A Meta lançou o Muse Glimmer nesta semana. O modelo de inteligência artificial (IA) com 30 bilhões de parâmetros foi projetado para executar tarefas autônomas no computador do usuário. O anúncio veio acompanhado de um ensaio de 14 páginas assinado pelo CEO da empresa, Mark Zuckerberg. No texto, o executivo defende que os Estados Unidos reduzam travas regulatórias no setor. Caso contrário, argumenta ele, o país corre o risco de perder a liderança da IA aberta para rivais chinesas como DeepSeek, Alibaba e Moonshot AI.
A proposta de rodar IA localmente atrai empresas e usuários que buscam privacidade e controle sobre seus dados, sem depender de servidores em nuvem. A aplicação prática, contudo, esbarra no hardware. Um modelo do tamanho do Muse Glimmer, por exemplo, exige placas de vídeo dedicadas de alto desempenho.

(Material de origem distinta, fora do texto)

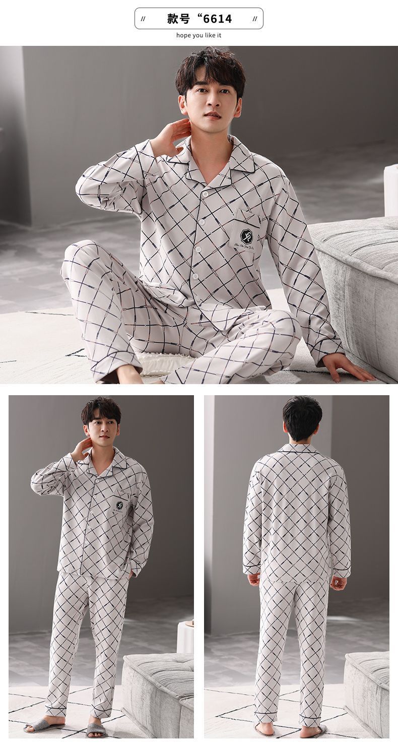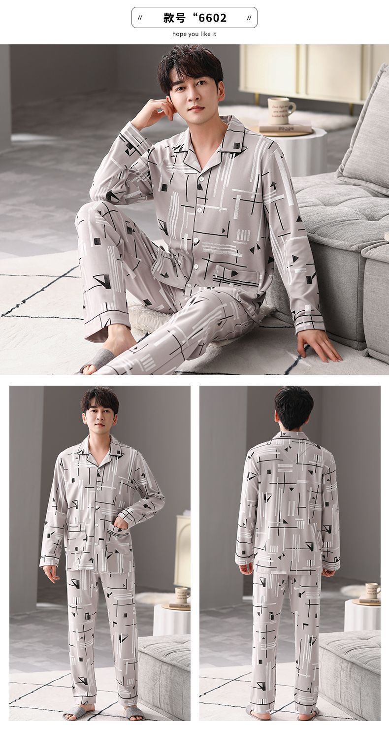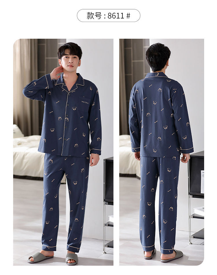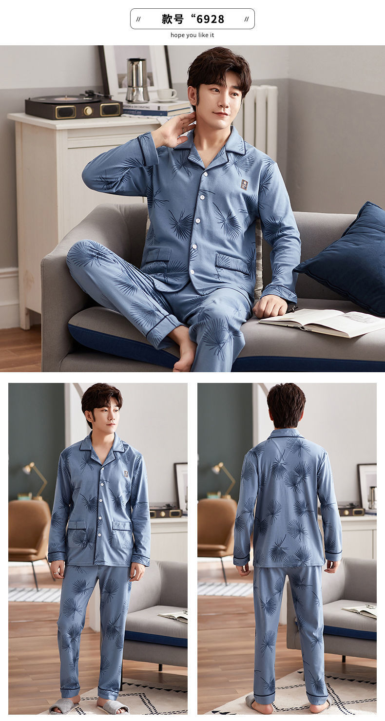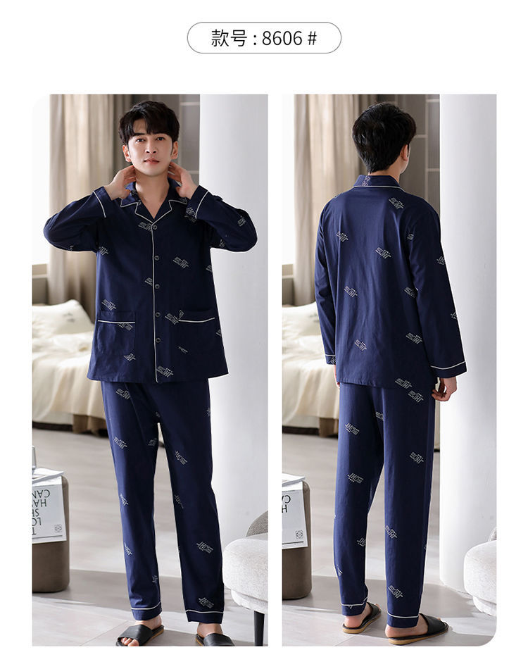 남자의 100% 면 잠옷 긴 소매 옷깃 카디건 면 세트 봄과 가을 플러스 사이즈 청소년 중년 및 노인 가정 의류스토어 가기

Como o open-weight serve de escudo
A Meta classifica sua estratégia como “código aberto” (open-source). No modelo de código aberto tradicional, todo o funcionamento é exposto: do código-fonte original aos dados brutos de treinamento. Já no caso do Muse Glimmer e da linha Llama, a empresa entrega apenas os “pesos”. Ou seja, os parâmetros matemáticos resultantes do treino da IA.
Na prática, essa abordagem, conhecida como pesos abertos (open-weight), permite que qualquer pessoa baixe o arquivo, execute o modelo no próprio computador e faça ajustes finos para tarefas específicas. O mistério fica no caminho percorrido até lá.